Please return the data word for word and leave out any picture it contains.

> Supplied material:
______

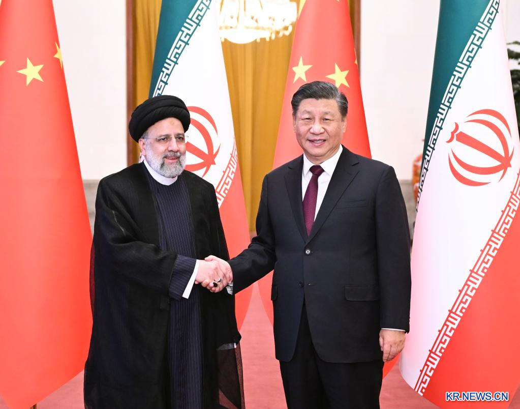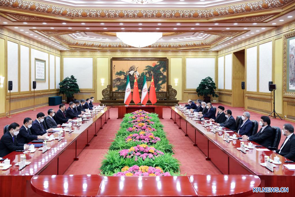 시진핑 국가주석이 14일 베이징 인민대회당에서 중국을 국빈 방문한 세예드 에브라힘 라이시 이란 대통령과 회담을 가졌다.[촬영/신화사 기자 류빈(劉彬)]
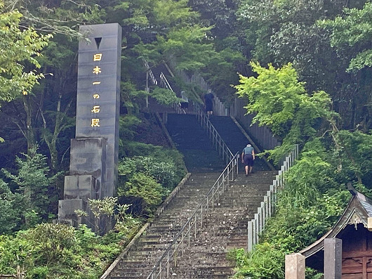ここが3333段の日本一の石段の登り口です。すでに何人かが階段を登っていましたが、駐車場にはほとんど車が停まってなかったので地元の人なんでしょうね?
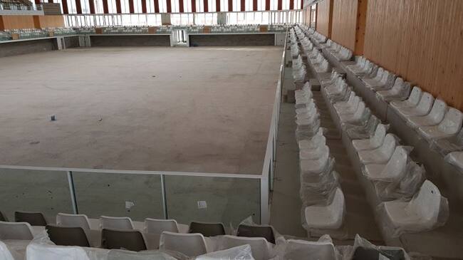 Pla general de l'estat de l'interior del Palau d'Esports Catalunya, a l'Anella Mediterrània de Campclar al febrer. / ACN
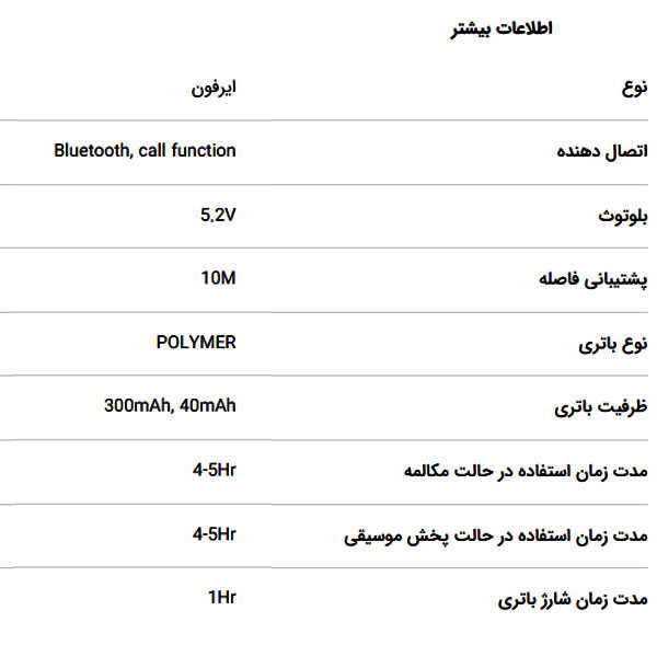 عمر باتری هدفون در حالت مکالمه: 5 ساعت

______

> Your response:
 시진핑 국가주석이 14일 베이징 인민대회당에서 중국을 국빈 방문한 세예드 에브라힘 라이시 이란 대통령과 회담을 가졌다.[촬영/신화사 기자 류빈(劉彬)]
ここが3333段の日本一の石段の登り口です。すでに何人かが階段を登っていましたが、駐車場にはほとんど車が停まってなかったので地元の人なんでしょうね?
 Pla general de l'estat de l'interior del Palau d'Esports Catalunya, a l'Anella Mediterrània de Campclar al febrer. / ACN
 عمر باتری هدفون در حالت مکالمه: 5 ساعت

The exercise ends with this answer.